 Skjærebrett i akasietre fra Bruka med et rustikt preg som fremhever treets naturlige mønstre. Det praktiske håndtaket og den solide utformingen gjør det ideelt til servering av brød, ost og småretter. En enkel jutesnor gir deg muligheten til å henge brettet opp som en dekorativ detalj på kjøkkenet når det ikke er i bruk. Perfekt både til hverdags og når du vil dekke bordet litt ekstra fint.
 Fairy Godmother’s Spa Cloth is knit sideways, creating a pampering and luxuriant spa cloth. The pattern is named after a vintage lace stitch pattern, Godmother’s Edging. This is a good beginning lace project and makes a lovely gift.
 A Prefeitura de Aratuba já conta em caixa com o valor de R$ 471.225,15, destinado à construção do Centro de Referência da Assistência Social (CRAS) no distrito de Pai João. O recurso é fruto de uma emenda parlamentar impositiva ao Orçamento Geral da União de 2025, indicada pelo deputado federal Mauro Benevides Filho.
◇ ◇ ◇ ◇ ◇
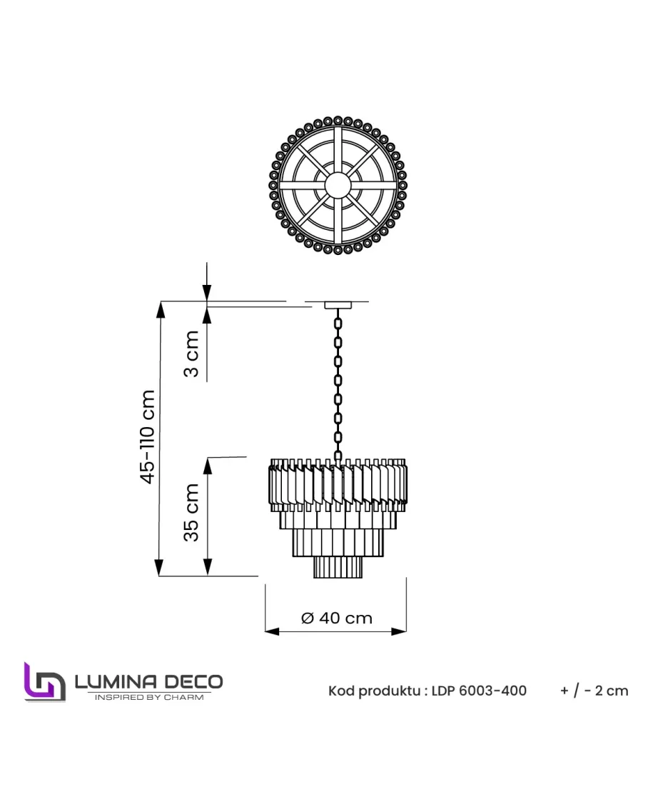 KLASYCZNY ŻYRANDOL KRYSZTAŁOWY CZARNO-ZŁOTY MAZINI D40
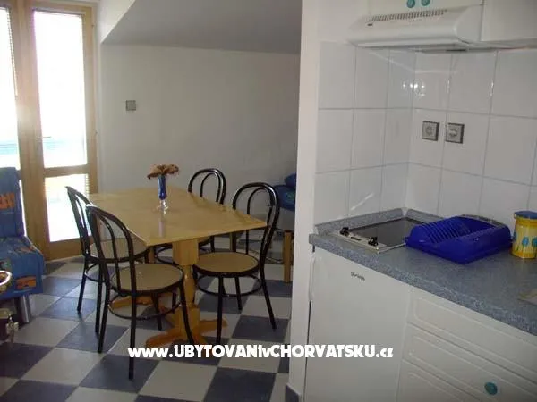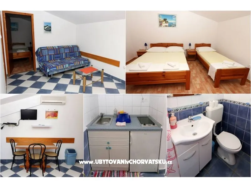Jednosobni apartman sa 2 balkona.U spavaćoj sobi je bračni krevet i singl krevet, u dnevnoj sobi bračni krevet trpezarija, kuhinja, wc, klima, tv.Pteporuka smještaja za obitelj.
◇ ◇ ◇ ◇ ◇
**TASK INSTRUCTIONS**: Copy word for word only the lines above from the one with "KLASYCZNY ŻYRANDOL KRYSZTAŁOWY" through the one with "Jednosobni apartman sa". Leave pictures out.

**EXERCISE SOLUTION**:
 KLASYCZNY ŻYRANDOL KRYSZTAŁOWY CZARNO-ZŁOTY MAZINI D40
Jednosobni apartman sa 2 balkona.U spavaćoj sobi je bračni krevet i singl krevet, u dnevnoj sobi bračni krevet trpezarija, kuhinja, wc, klima, tv.Pteporuka smještaja za obitelj.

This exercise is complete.